The radius of gyration of a sphere of radius `R` about a tangent is.

To find the radius of gyration of a sphere of radius \( R \) about a tangent, we can follow these steps: ### Step 1: Determine the Moment of Inertia of the Sphere The moment of inertia \( I \) of a solid sphere about its own center is given by the formula: \[ I_{\text{center}} = \frac{2}{5} m R^2 \] where \( m \) is the mass of the sphere and \( R \) is its radius. ### Step 2: Use the Parallel Axis Theorem To find the moment of inertia about a tangent to the sphere, we can use the parallel axis theorem. The parallel axis theorem states that: \[ I = I_{\text{center}} + md^2 \] where \( d \) is the distance from the center of mass to the new axis. For a tangent to the sphere, \( d = R \).
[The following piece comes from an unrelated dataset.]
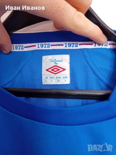 Оригинална фланелка на Рейнджърс от сезон 2012/2013г. в перфектно състояние, не е обличана никога, само е съхранявана. Всички етикети и серийни номера са налични. Закупена е от феншопа на Айброкс(стадиона на Рейнджърс).
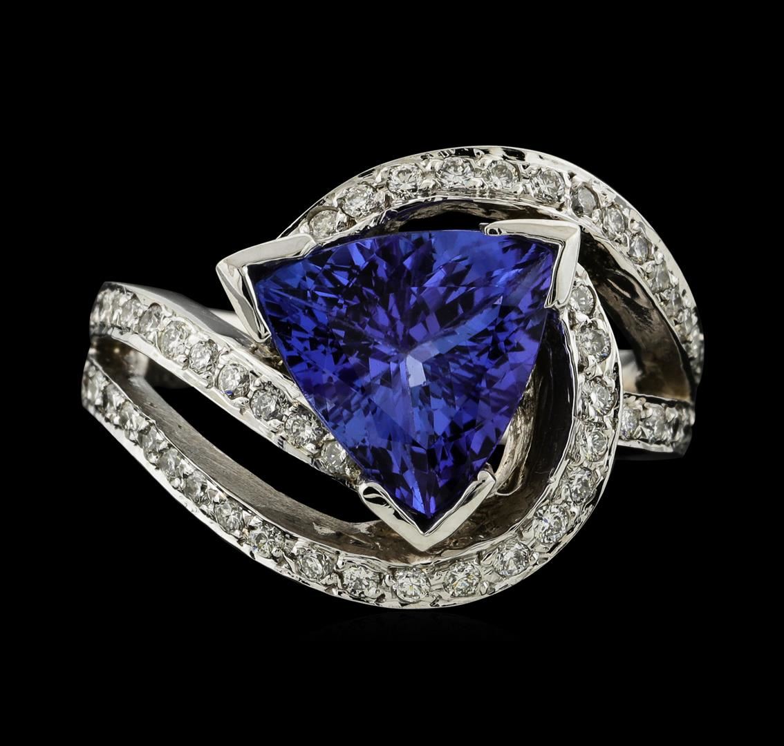 One electronically tested 14KT white gold lady's cast fashion ring with a bypass swirl with a bright polish finish. The featured lady's ring has a European shank measuring 3.60 millimeters wide. Identified with markings of '14K'. Condition is new, good workmanship. Containing: One prong set triangle modified brilliant cut natural tanzanite, measuring 11.00 x 10.75 x 5.75mm, (depth est.) approximate weight of 4.10ct., clarity is eye clean, medium, moderately strong, violet color, (GIA V 5/4), cut is very good. Transmitting light with no distortion, transparent. Colored gemstones are presumed to have been subjected to commonly used enhancement processes. Graded in the setting. Fifty-Two bead set round brilliant cut diamonds, measuring 1.40 - 1.30 x 0.84mm (depth est.) approximate total weight of 52 Stones = 0.50ct. Graded in the setting. Clarity VS-2 to SI-1. Color: H - I Cut Good. Total Weight of Colored Stones 4.10ct.. Total Weight of Diamonds 0.50ct.. Total Weight of Ring 10.50gm. GAS Appraised at $8,885.00.

Thus, we can write: \[ I_{\text{tangent}} = I_{\text{center}} + mR^2 \] Substituting the value of \( I_{\text{center}} \): \[ I_{\text{tangent}} = \frac{2}{5} m R^2 + m R^2 \] ### Step 3: Simplify the Moment of Inertia Now, combine the terms: \[ I_{\text{tangent}} = \frac{2}{5} m R^2 + \frac{5}{5} m R^2 = \frac{7}{5} m R^2 \] ### Step 4: Relate Moment of Inertia to Radius of Gyration The radius of gyration \( k \) is related to the moment of inertia by the equation: \[ I = m k^2 \] Substituting the expression for \( I_{\text{tangent}} \): \[ \frac{7}{5} m R^2 = m k^2 \] ### Step 5: Solve for the Radius of Gyration Dividing both sides by \( m \) (assuming \( m \neq 0 \)): \[ \frac{7}{5} R^2 = k^2 \] Taking the square root of both sides gives: \[ k = \sqrt{\frac{7}{5}} R \] ### Final Answer Thus, the radius of gyration of the sphere about a tangent is: \[ k = \frac{\sqrt{7}}{\sqrt{5}} R \]